Bit of a philosophical one today. You may or may not have seen news about the upcoming V Eight Jensen Interceptor SX. I've been thinking of little else. Which got me thinking, is there a particular country that I identify with the most in car terms? Well, I am American, so America? Sadly, no. Now I appreciate muscular metal in a big way. But on a deeper level, a Chevelle SS leaves me cold. Maybe too many assholes drove them in high school. Germany? Fast and potent, but a bit too precise for precisions sake. See Gregory Peck in Boys From Brazil for more on that. Japan? See Germany, but with less power. Obviously that leaves Italy. Beautiful, extroverted cars we all lust after. And those interiors! But I'm kinda fat; I could never fit into those designer jeans. Not in good faith at any rate. France? Almost, as if I had lots of disposable income I'd own lots of oleopneumatic cars. But they're missing something. Like potent engines. Australia? Well, they certainly have engines, but I get the impression their cars also drag their knuckles. Which leaves us with Britain. Aston Martin, Lotus, TVR, MG, Triumph, Rolls-Royce, MINI, Caterham, Bentley, Noble, Jaguar and of course, Jensen? God save the Queen. You?

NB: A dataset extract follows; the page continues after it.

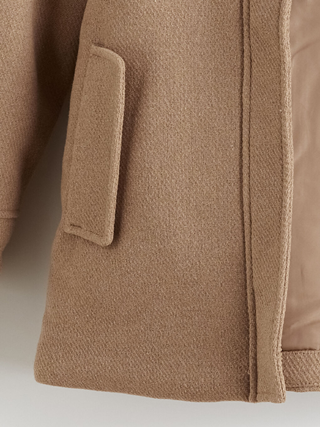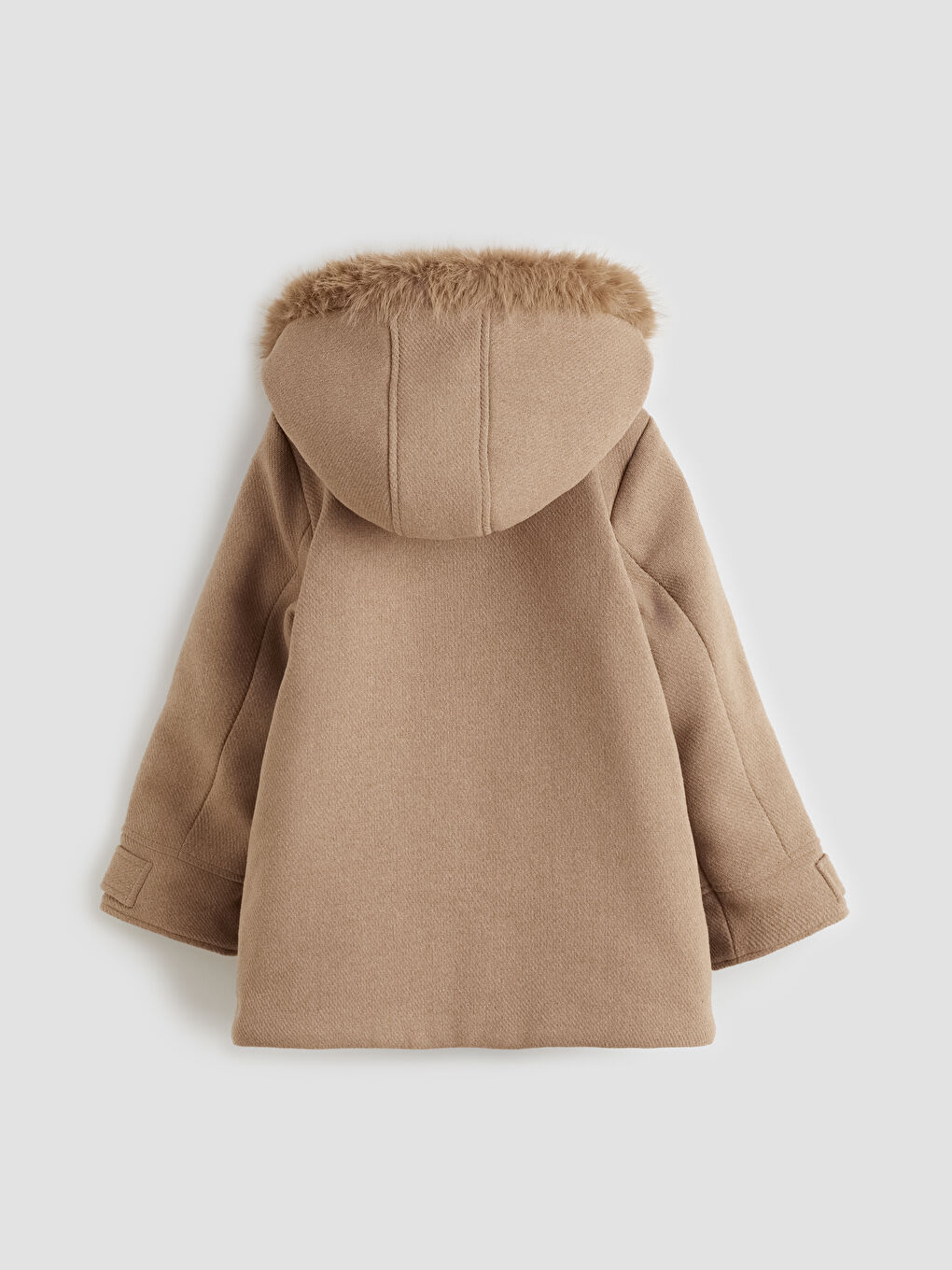 این پالتوی دخترانه که از پارچه کشمیر ساخته شده، دارای کلاهی ثابت و خزدار است. این پالتو از جلو با قلاب دوتایی بسته میشود و دارای جیبهای وصلهای است.

Some of you may remember last week when I "advised" my friend to go ahead and purchase a Citroen SM. Your collective reaction was swift and merciless. So much so that she didn't buy it. However, I got a very frenzied phone call from her yesterday. She was at a Honda dealer, they were all out of Fits. But there were two cars she liked and now she needed my advice. In the white corner, with just 1,000 miles on the clock is a 2008 4-banga, automatic Accord. Priced to move at $21,600. In the kinda-pewter, kinda-gunmetal corner is a 2006 Infiniti G35. Also a slushbox, but with a very healthy VQ V6. While it's cheaper than the accord (just $20,000) it has 50,000 miles on it. "Well," I began. "The accord is the more logical choice. It's essentially brand new. It'll get better mileage than the G and most likely last forever. The Infiniti's engine will last even longer than the Honda's (those VTEC headgaskets love to die) but you'll start getting Lucasian electrical gremlins at 100,000 miles and there is no question the AC, CV joints and windows will stop working by 150,000. No question." And then I paused. Could I in good faith really advise someone to buy an Accord — especially a slushy four-cylinder — instead of a RWD entry-level luxury/performance 3-Series competitor? No way in hell! "You know what though, the $1,600 you save on the Infiniti will cover the gas mileage difference. Also, Accords are one of the most stolen cars. You should get the G35." Bad?
Jalopnik managed to stage the picture you see stuck in this post. It's a shot of a Shelby GT500KR, a Dodge Challenger SRT8 and a Chevy Camaro V6. That's right, all three of America's pony cars together somewhere in San Diego. Sure, some people are going to bark and holler that the big 2.8 are several years (decades?) late to the party, gas prices, global meltdown and all that. Personally, I don't care. I love RWD, V8 two-doors. Especially affordable ones.That's my story and I'm sticking to it, come hell or high water (or melted ice cap-powered tsunamis). Now, out of the three mallets in the above photo, I'm obviously taking the Shelby. The SRT8 is a fat pig and I'll pass on the V6 Camaro. But I've heard that the Challenger R/T with its six-speed is much more fun to drive, even though it's down on power. And I'm sure a Camaro with an LS3 engine and a 6-speed would be one hell of a machine. Of course, would either of the challengers to the Mustang's throne be able to come anywhere close to the mechanical perfection that is the Bullitt? I'm thinking no. You?